[[ Information shown open ]]
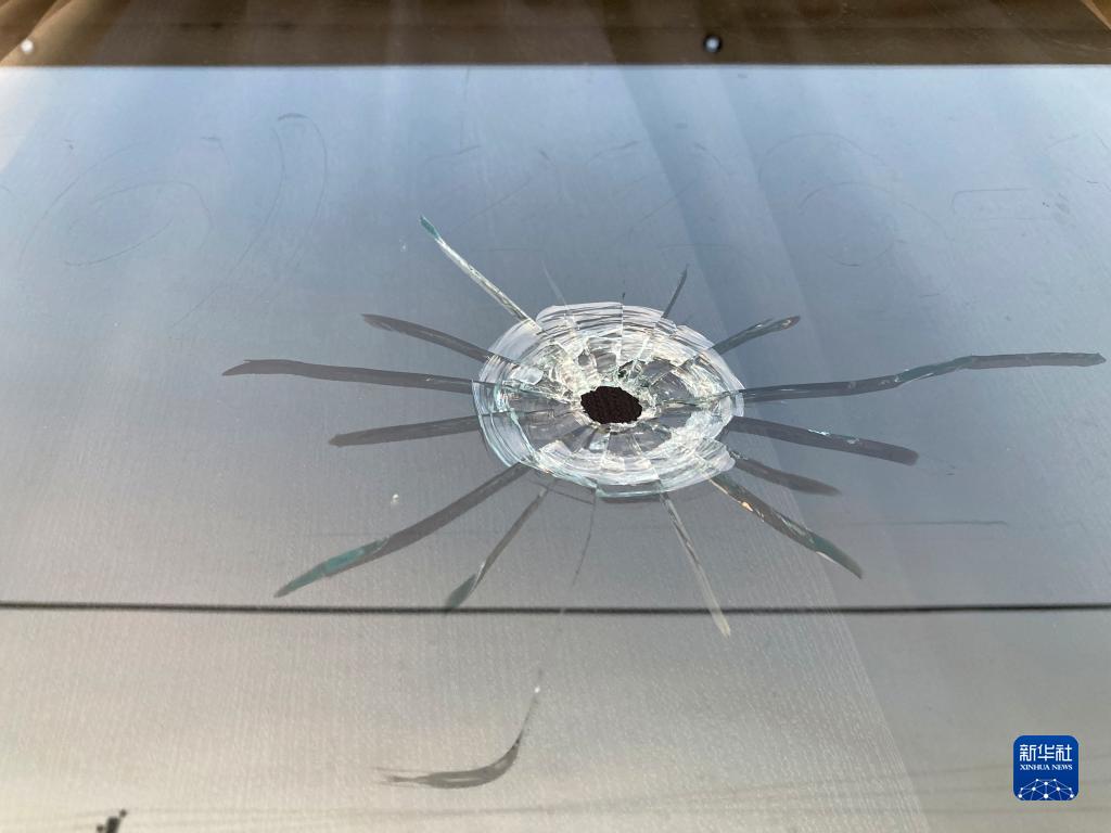 這是4月16日在美國亞拉巴馬州戴德維爾槍擊事件現場拍攝的彈孔。
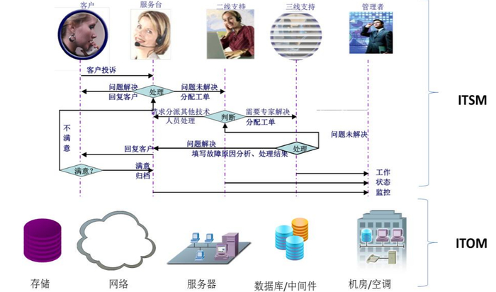 ITOM的目的在于对IT基础设施的运行状态进行实时的监控,ITSM的目的在于帮助IT部门建立起流程规范化的管理系统,服务全部面向于企业内部的IT部门,帮助IT部门的员工提升工作效率,减少错误可能。
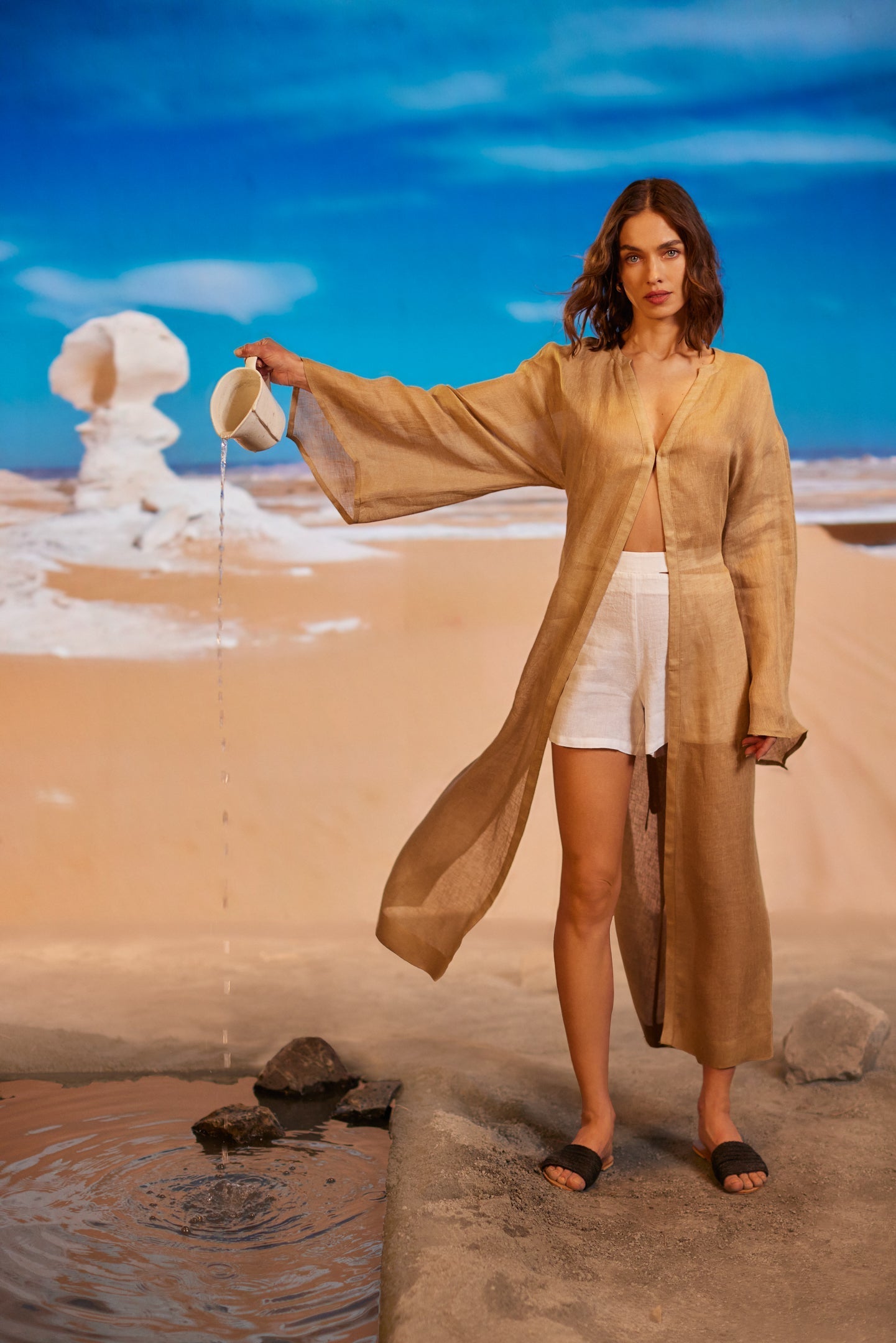 Exhale Keten Şort - Beyaz
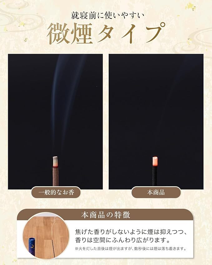 適合睡前使用的煙霧類型 | 煙霧被抑制,使香氣在空間中擴散,同時防止燒焦味的產生。即使是那些不喜歡煙霧的人也能夠接受。
[[ Information shown closed ]]
• Work order:
Restate the data above word for word. Skip every picture.

• Result below:
 這是4月16日在美國亞拉巴馬州戴德維爾槍擊事件現場拍攝的彈孔。
 ITOM的目的在于对IT基础设施的运行状态进行实时的监控,ITSM的目的在于帮助IT部门建立起流程规范化的管理系统,服务全部面向于企业内部的IT部门,帮助IT部门的员工提升工作效率,减少错误可能。
 Exhale Keten Şort - Beyaz
 適合睡前使用的煙霧類型 | 煙霧被抑制,使香氣在空間中擴散,同時防止燒焦味的產生。即使是那些不喜歡煙霧的人也能夠接受。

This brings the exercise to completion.